3.1. Synthesis of high-index faceted concave cubic IONPs

To investigate solvent effects on the structural evolution of the IONPs, the thermal decomposition of the iron oleate precursor was performed in the presence of oleic acid (OAc) as the capping ligand, and a bulky coordinating solvent, trioctylamine (TOA). The as-synthesized IONPs revealed a clear cubic morphology with negative surface curvature (Fig. 1a, b). The resulting concave cubic IONPs have an average size of 41 nm. To further examine the morphology of the IONPs, TEM images from multiple views (−30°, −15°, 0°, +15°, +30°) were obtained. The collection of the tilted TEM images taken at different viewing angles clearly shows the existence of negative curvature on the surface of the cubic IONPs (Fig. 1c).

Fig. 1 — a Transmission electron microscopy (TEM) image of high-index faceted concave IONPs synthesized using a bulky coordinating ligand (TOA); b corresponding HRTEM image of the concave nanocube (scale bar, 10 nm). c Tilted TEM images of the concave nanocubes and the corresponding graphical representation of the rotation angles

3.2. Growth kinetics of high-index faceted concave cubic IONPs

To further investigate the role of TOA on the growth of the concave IONPs, the effect of reflux time on the structural evolution of the concave nanocubes was evaluated by withdrawing aliquots from the reaction mixture at different reflux times for TEM analysis.
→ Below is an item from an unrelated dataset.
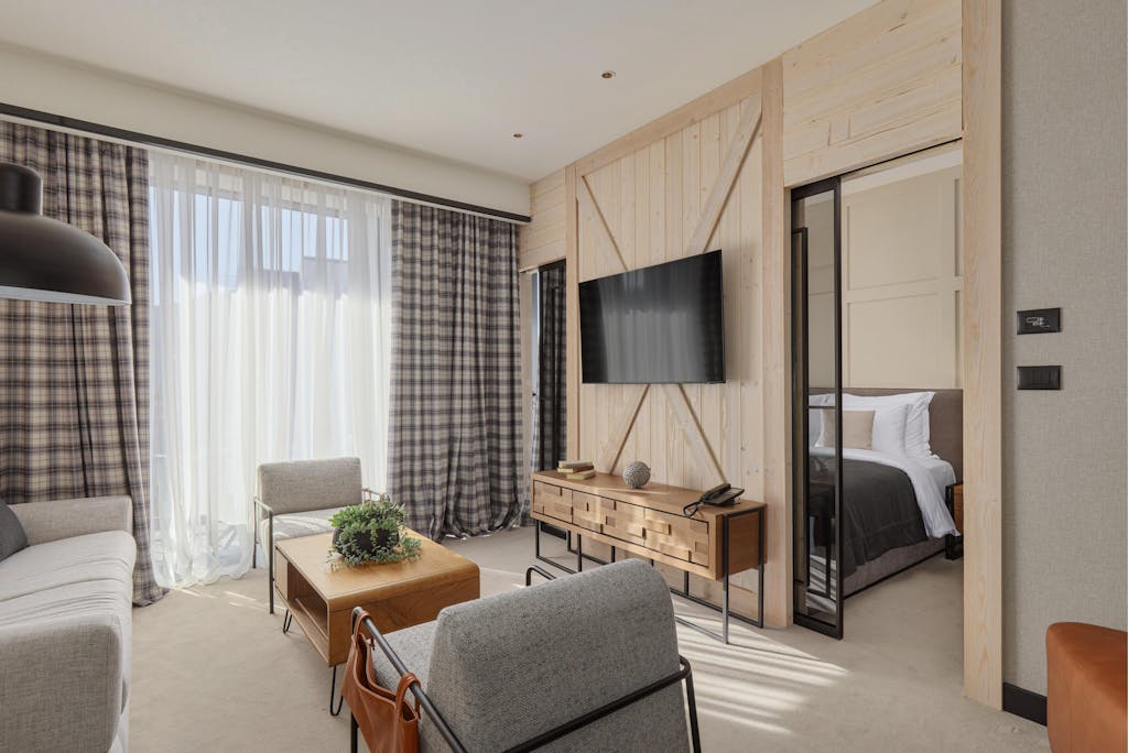 Jednosobni apartman sa balkonom nudi savršen prostor za opuštanje, uz prelijep pogled na planinske vrhove. Idealno za sve koji žele da uživaju u udobnosti i miru, stvarajući prostor za potpuni odmor i povezanost sa prirodom.

Immediately at 30 s after reaching the reflux temperature, the IONPs already displayed a distinct concave cubic morphology, and the IONP size and morphology remained unchanged at longer reflux times (Fig. S1), which is consistent with previous reports on other types of high-index faceted NPs synthesized via high-temperature decomposition methods [28].
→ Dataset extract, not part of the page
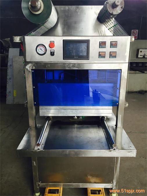 系列真空托盤封口機采用啟動真空封口方式,電器采用歐姆龍可編程邏輯控制器,具有自動抽空、熱封、切膜機廢膜回收等功能,本機采用智能數字顯示溫度控制風口溫度。溫度誤差小于正負2,封口強度高,密封性好。機身不銹鋼設計,符合相關的食品衛生標準。設備的執行零部件采用氣動控制系統,簡化了機械結構,故障率明顯降低,機器的運轉更加平穩、安全,封口美觀,大大提高了設備的生產率和使用壽命。
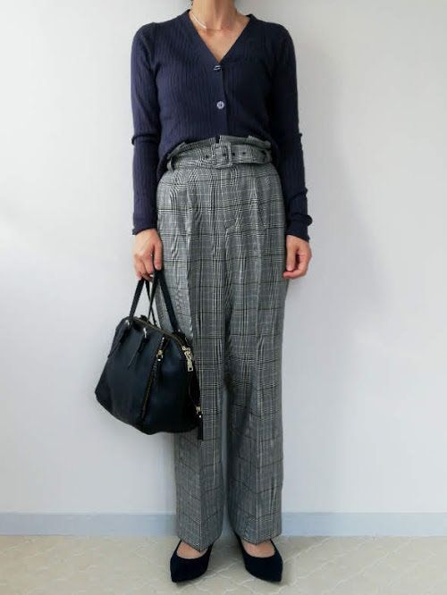 チェックのセンタープレスパンツに合わせることで、よりきちんと感あるコーデに仕上がります。

The presence of a well-defined concave nanocube structure at the early stage of particle growth demonstrated that the formation of the concave cubic morphology was most likely due to the selective binding of TOA on the IONP surface, which is in contrast to the previously reported chemical etching approach where the negative curvature was only observed after longer reaction times [21].
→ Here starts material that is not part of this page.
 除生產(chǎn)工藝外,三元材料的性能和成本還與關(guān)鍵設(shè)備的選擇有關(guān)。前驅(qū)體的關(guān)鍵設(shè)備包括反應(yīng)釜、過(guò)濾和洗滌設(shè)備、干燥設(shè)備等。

3.3. The effect of iron oleate precursor on the growth of high-index faceted concave cubic IONPs

The reproducibility of a nanoparticle synthetic route is highly appreciated, especially in a system where the conditions are adjusted to form a high-index faceted structure over energetically favored morphologies. During our study, we observed that the level of dryness of the iron oleate precursor plays a critical role on the resulting morphology of the synthesized IONPs. To systematically study the effect of the iron oleate precursor on the nanoparticle growth, the final organic extract of the iron oleate made following the steps described in Section 2.2 was equally divided into two halves and dried in two different methods; one half was dried on a deep container (Method 1) and the other half was dried on a shallow container (Method 2). The two batches of IONPs prepared using the iron oleate precursor from drying Methods 1 and 2, while maintaining other synthetic conditions the same, have turned out to be structurally different (Fig. S2a). The concave shape of the IONPs was well preserved in the product obtained via the precursor dried in Method 2, whereas an intermediate shape (i.e., a structure between perfect cube and concave cube) was obtained from the precursor dried using Method 1.

The intriguing results from TEM analyses led further investigations on the iron oleate precursor obtained from the two drying methods; FTIR and Raman spectroscopy studies were conducted on the iron oleate precursors, as these methods are known to be good analytical tools to study the metal-carboxylate chemistry of iron oleate precursors [18, 29–33]. The FTIR spectra of the iron oleate obtained from two drying methods share four major peaks; 1711 (carbonyl group of free oleic acid or unidentate carboxylate), 1593 (bridging metal-carboxylate), 1524 (bidentate metal-carboxylate), and 1438 (carbonyl group of free oleic acid) cm⁻¹ vibrations (Fig. S2b and S2c). It is evident that both bidentate and bridging metal-carboxylate coordination modes in the precursor obtained from drying Method 1 exist in similar extent whereas, the bridging metal-carboxylate coordination is more pronounced in the precursor obtained from drying Method 2 (area shaded in blue color of Fig. S2c). We assume that this difference in the metal-carboxylate coordination in the iron oleate precursor due to different levels of dryness has been one of the reasons to form the distinct concave cubic structure. Along with FTIR, Raman spectroscopy can also be used to probe the optimal level of dryness of the iron oleate precursor (Fig. S2d). The Raman spectrum of optimally dried iron oleate precursor (Method 2) exhibits peaks at 1270, 1305, 1440 cm⁻¹ indicative of the δ(CH) in plane cis olefin group, CH₂ twisting, and CH₂ scissoring of the oleate precursor [34] whereas, the iron oleate precursor from Method 1 was almost featureless in the Raman spectrum.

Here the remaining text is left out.